Exercise prompt:
There are pictures in the records below; leave them out and set down exactly the lines from the one holding "This paper studies" through the one holding "Το 2020 ο Μίκης".

-------- Entries provided --------

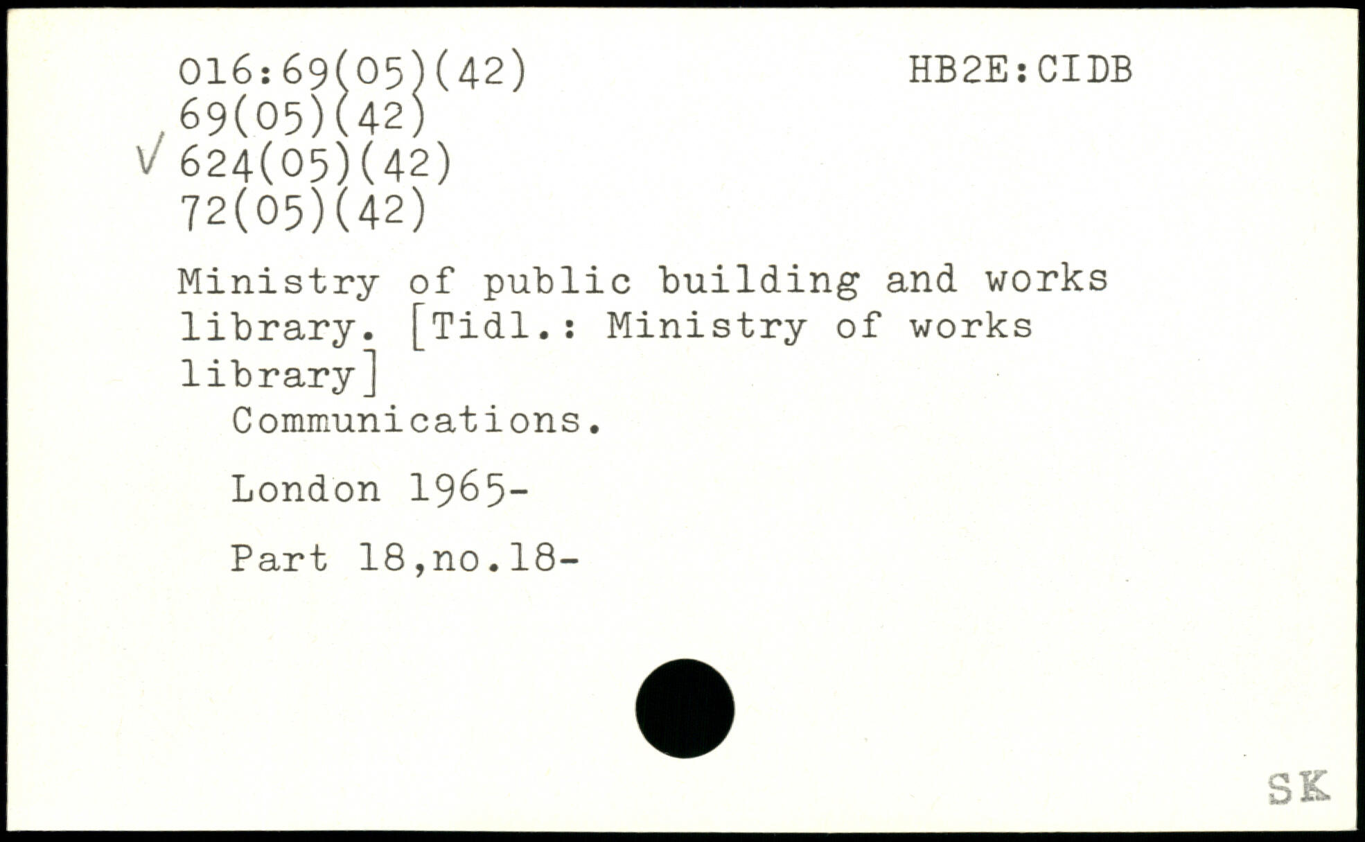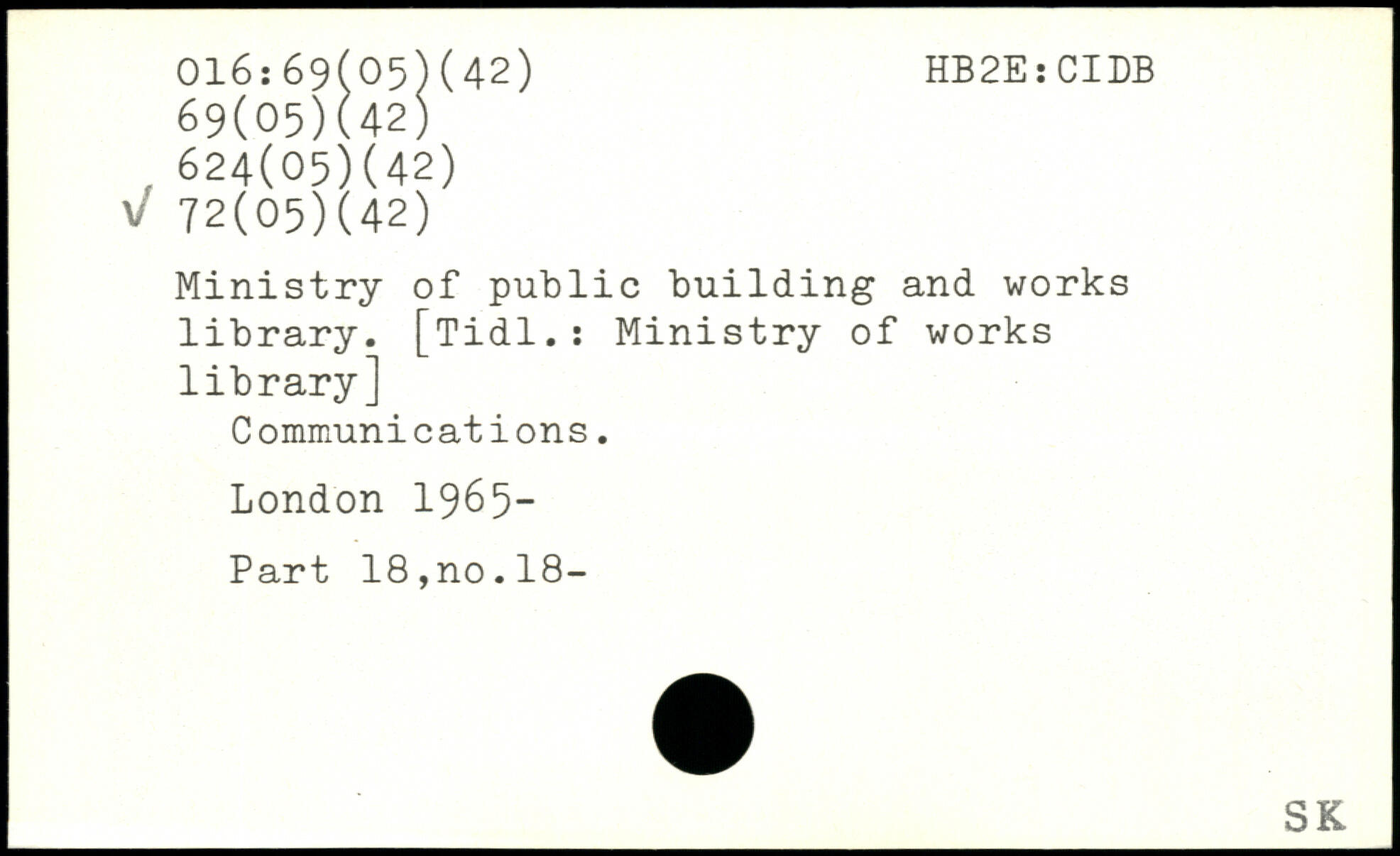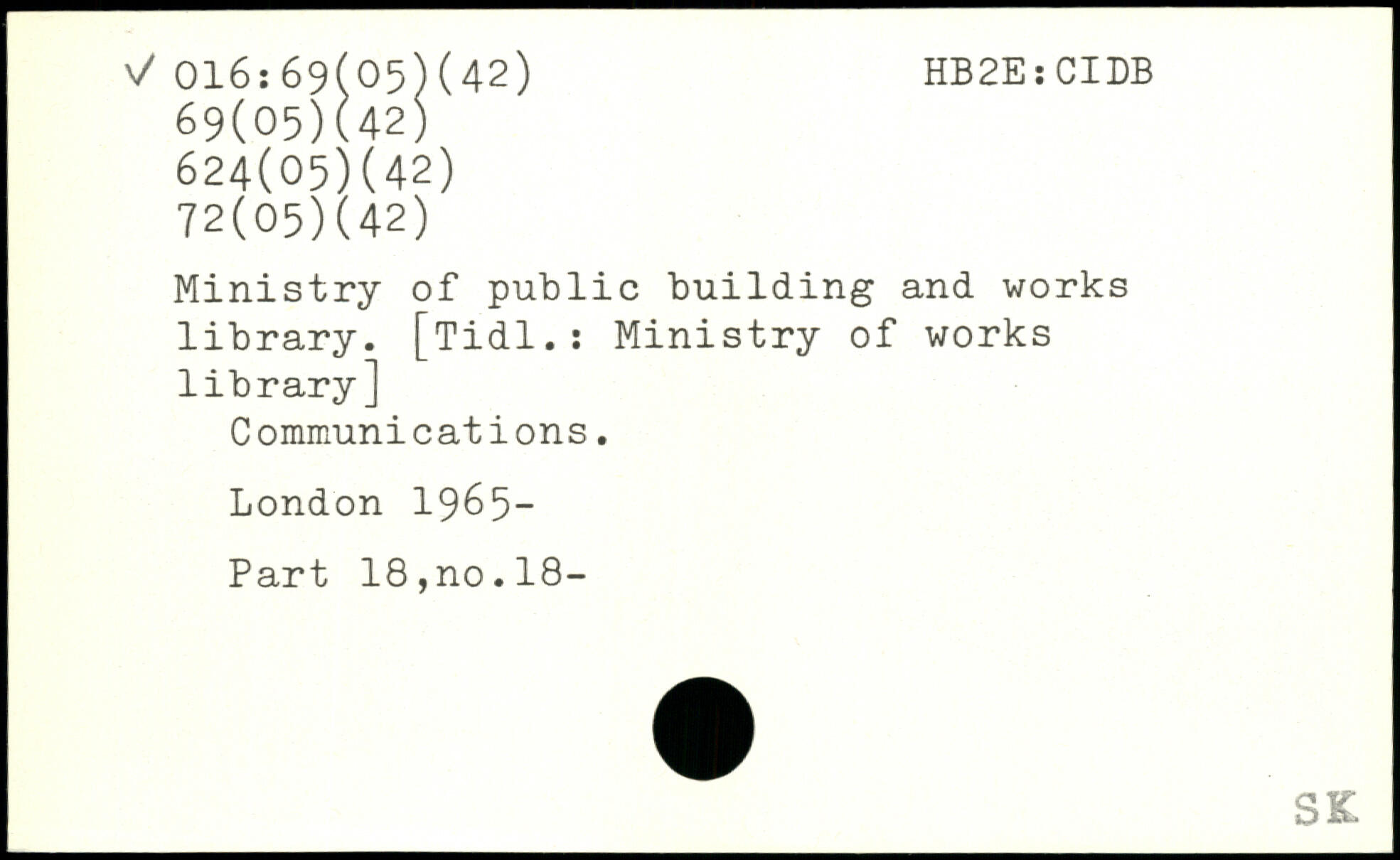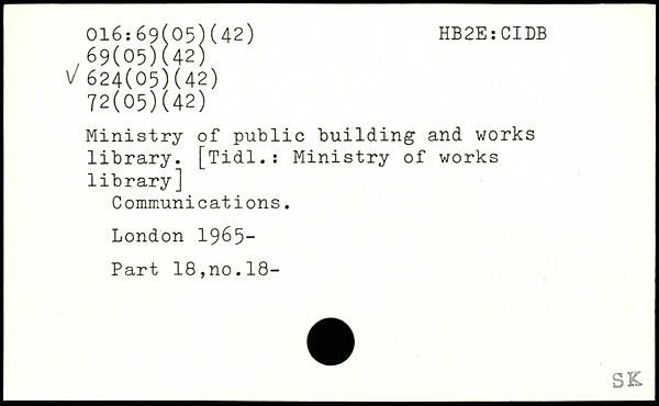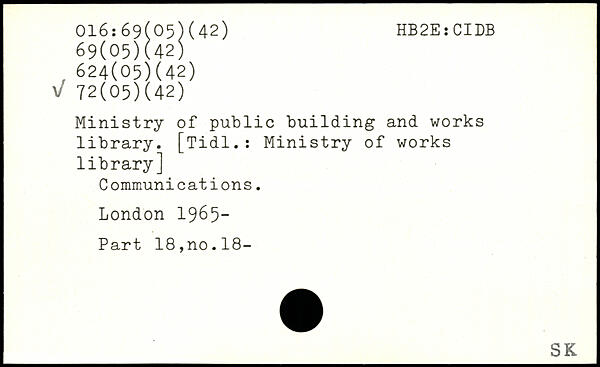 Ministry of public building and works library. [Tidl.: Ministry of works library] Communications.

--------
-------- Entries provided --------

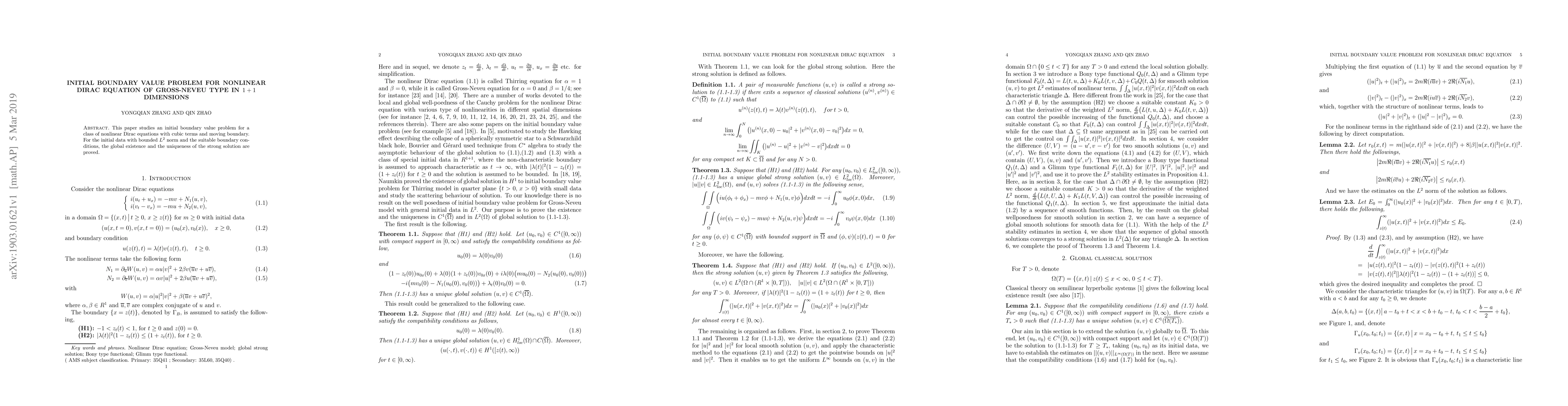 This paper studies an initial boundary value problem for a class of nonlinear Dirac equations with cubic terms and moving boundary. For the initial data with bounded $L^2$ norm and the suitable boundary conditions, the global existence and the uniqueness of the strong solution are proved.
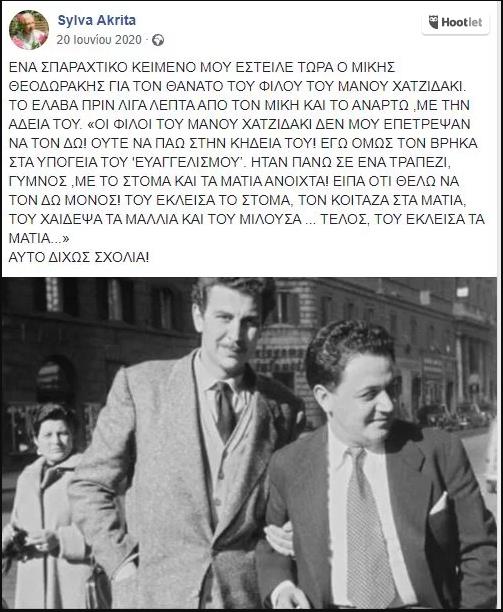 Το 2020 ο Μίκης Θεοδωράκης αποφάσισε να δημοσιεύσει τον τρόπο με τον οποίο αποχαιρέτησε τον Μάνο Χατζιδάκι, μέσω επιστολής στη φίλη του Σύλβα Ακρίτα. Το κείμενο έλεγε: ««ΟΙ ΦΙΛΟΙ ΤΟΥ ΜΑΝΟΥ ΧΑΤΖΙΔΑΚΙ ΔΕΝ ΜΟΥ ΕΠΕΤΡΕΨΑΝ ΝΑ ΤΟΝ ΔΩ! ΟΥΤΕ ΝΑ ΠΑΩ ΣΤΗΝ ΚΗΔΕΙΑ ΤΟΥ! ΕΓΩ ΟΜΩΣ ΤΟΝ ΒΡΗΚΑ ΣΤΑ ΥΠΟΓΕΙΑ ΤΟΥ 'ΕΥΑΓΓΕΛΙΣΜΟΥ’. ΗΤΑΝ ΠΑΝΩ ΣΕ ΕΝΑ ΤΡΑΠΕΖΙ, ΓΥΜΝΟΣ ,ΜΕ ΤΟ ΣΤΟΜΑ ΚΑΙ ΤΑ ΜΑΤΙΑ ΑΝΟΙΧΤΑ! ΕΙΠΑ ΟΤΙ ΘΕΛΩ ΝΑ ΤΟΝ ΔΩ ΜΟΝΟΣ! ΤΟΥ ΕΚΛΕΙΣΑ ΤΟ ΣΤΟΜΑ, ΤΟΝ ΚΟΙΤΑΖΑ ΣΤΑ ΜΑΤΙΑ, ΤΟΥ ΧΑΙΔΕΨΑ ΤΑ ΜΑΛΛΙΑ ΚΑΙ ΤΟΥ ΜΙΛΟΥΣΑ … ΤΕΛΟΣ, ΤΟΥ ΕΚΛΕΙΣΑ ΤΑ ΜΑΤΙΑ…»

--------
-------- Entries provided --------

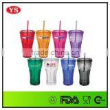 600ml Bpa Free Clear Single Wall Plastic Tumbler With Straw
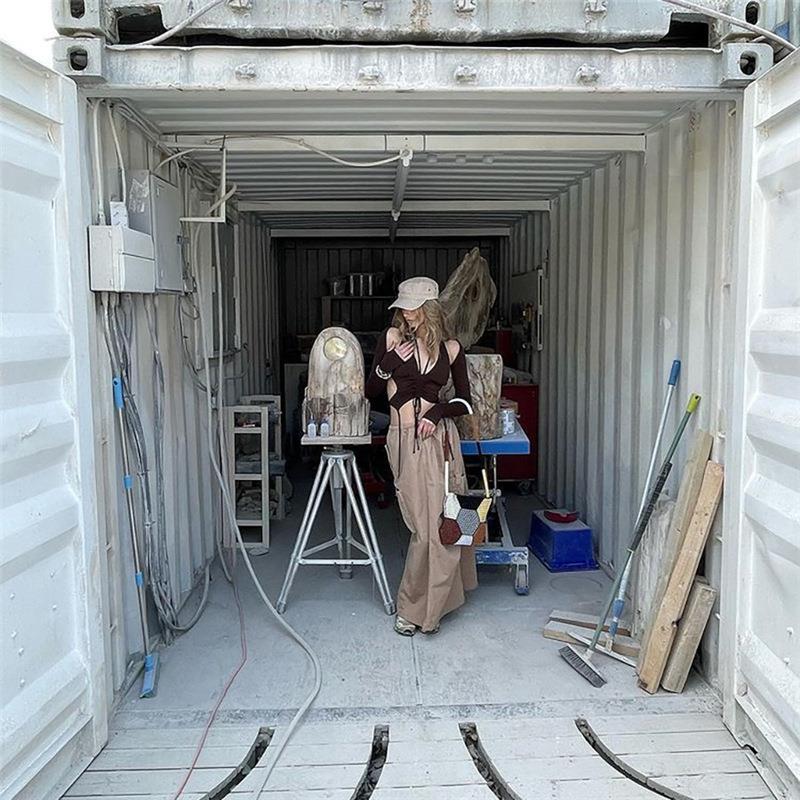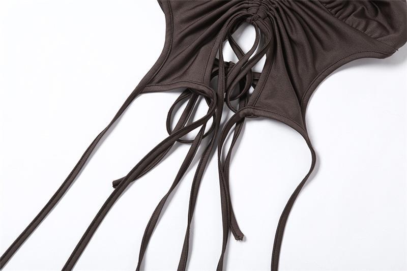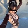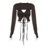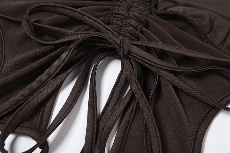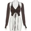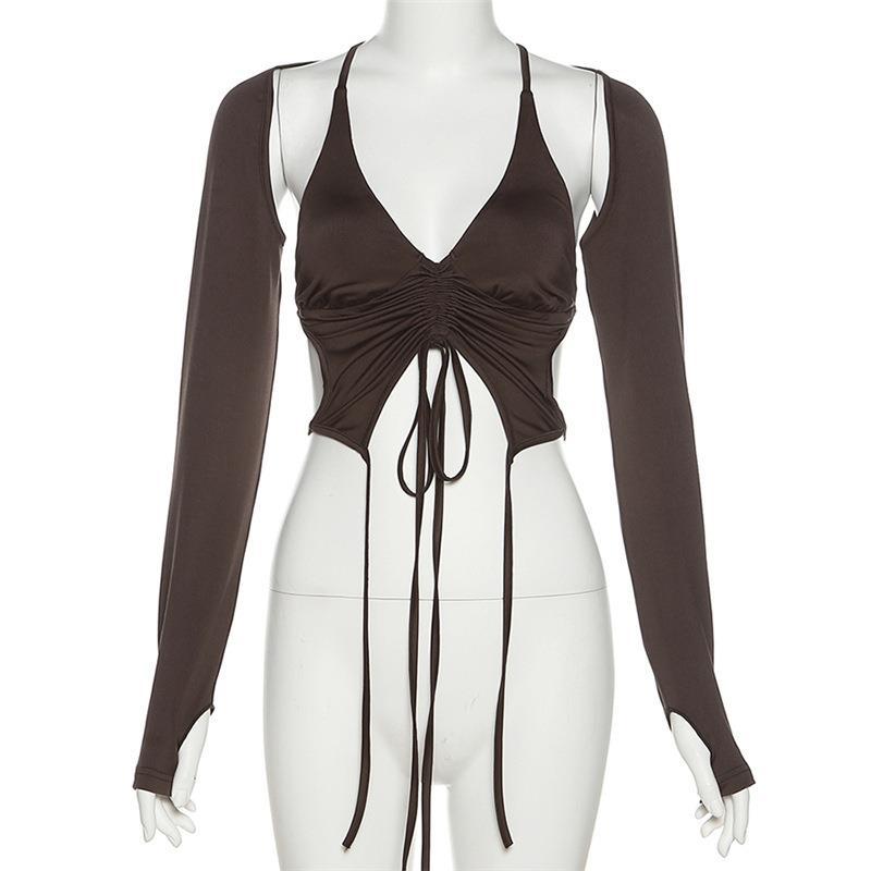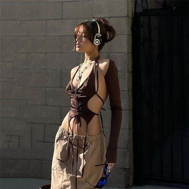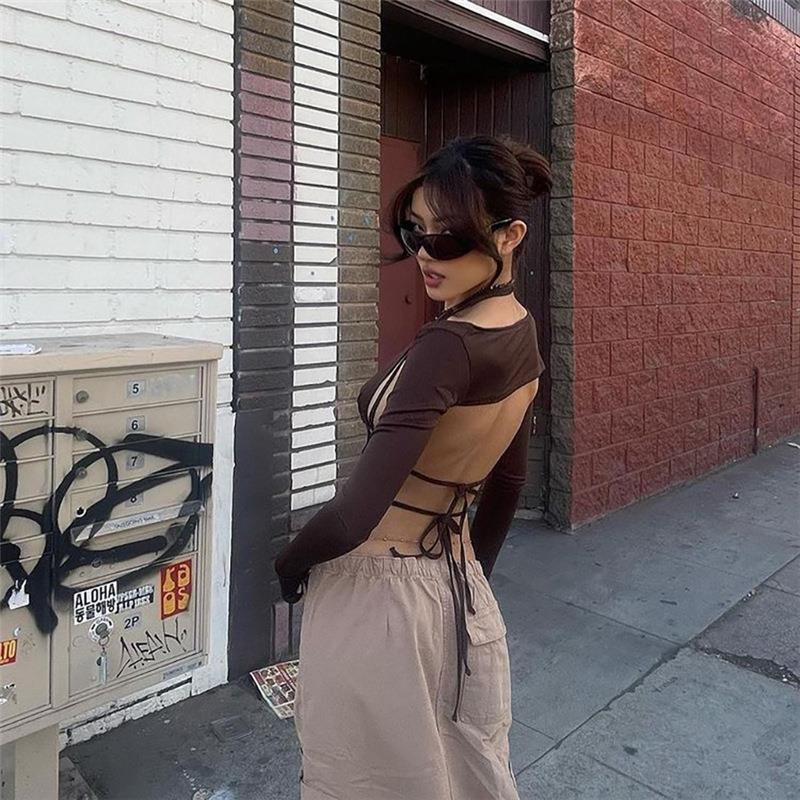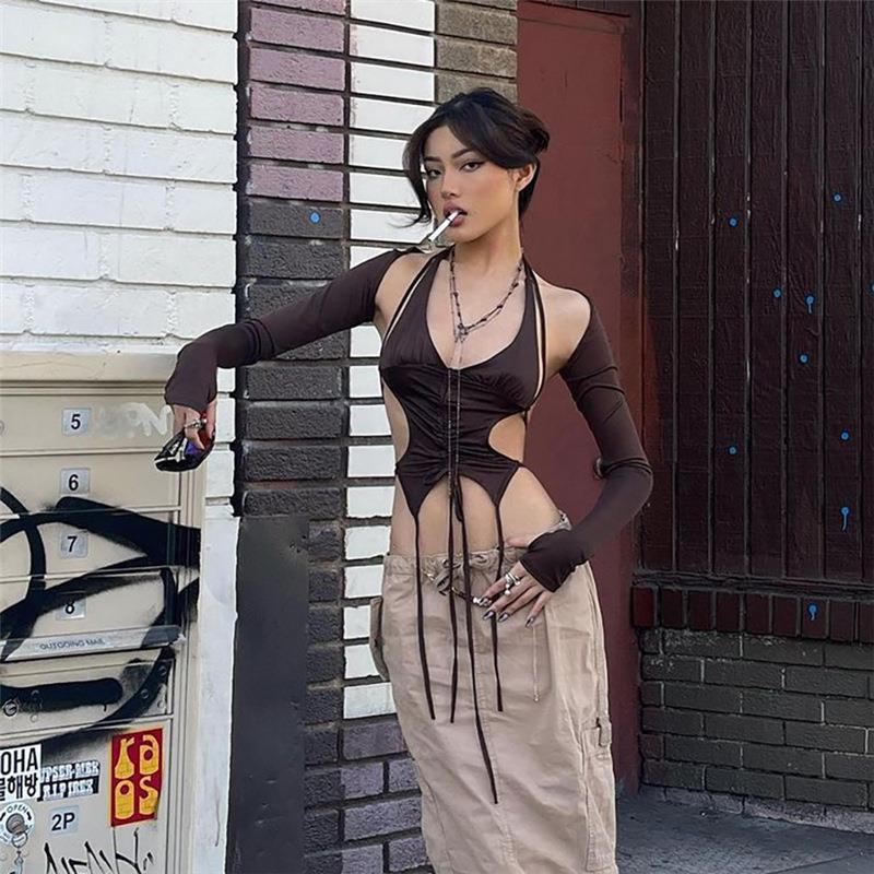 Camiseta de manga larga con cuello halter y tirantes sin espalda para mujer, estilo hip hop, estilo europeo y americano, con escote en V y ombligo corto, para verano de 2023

--------

Exercise answer:
 This paper studies an initial boundary value problem for a class of nonlinear Dirac equations with cubic terms and moving boundary. For the initial data with bounded $L^2$ norm and the suitable boundary conditions, the global existence and the uniqueness of the strong solution are proved.
 Το 2020 ο Μίκης Θεοδωράκης αποφάσισε να δημοσιεύσει τον τρόπο με τον οποίο αποχαιρέτησε τον Μάνο Χατζιδάκι, μέσω επιστολής στη φίλη του Σύλβα Ακρίτα. Το κείμενο έλεγε: ««ΟΙ ΦΙΛΟΙ ΤΟΥ ΜΑΝΟΥ ΧΑΤΖΙΔΑΚΙ ΔΕΝ ΜΟΥ ΕΠΕΤΡΕΨΑΝ ΝΑ ΤΟΝ ΔΩ! ΟΥΤΕ ΝΑ ΠΑΩ ΣΤΗΝ ΚΗΔΕΙΑ ΤΟΥ! ΕΓΩ ΟΜΩΣ ΤΟΝ ΒΡΗΚΑ ΣΤΑ ΥΠΟΓΕΙΑ ΤΟΥ 'ΕΥΑΓΓΕΛΙΣΜΟΥ’. ΗΤΑΝ ΠΑΝΩ ΣΕ ΕΝΑ ΤΡΑΠΕΖΙ, ΓΥΜΝΟΣ ,ΜΕ ΤΟ ΣΤΟΜΑ ΚΑΙ ΤΑ ΜΑΤΙΑ ΑΝΟΙΧΤΑ! ΕΙΠΑ ΟΤΙ ΘΕΛΩ ΝΑ ΤΟΝ ΔΩ ΜΟΝΟΣ! ΤΟΥ ΕΚΛΕΙΣΑ ΤΟ ΣΤΟΜΑ, ΤΟΝ ΚΟΙΤΑΖΑ ΣΤΑ ΜΑΤΙΑ, ΤΟΥ ΧΑΙΔΕΨΑ ΤΑ ΜΑΛΛΙΑ ΚΑΙ ΤΟΥ ΜΙΛΟΥΣΑ … ΤΕΛΟΣ, ΤΟΥ ΕΚΛΕΙΣΑ ΤΑ ΜΑΤΙΑ…»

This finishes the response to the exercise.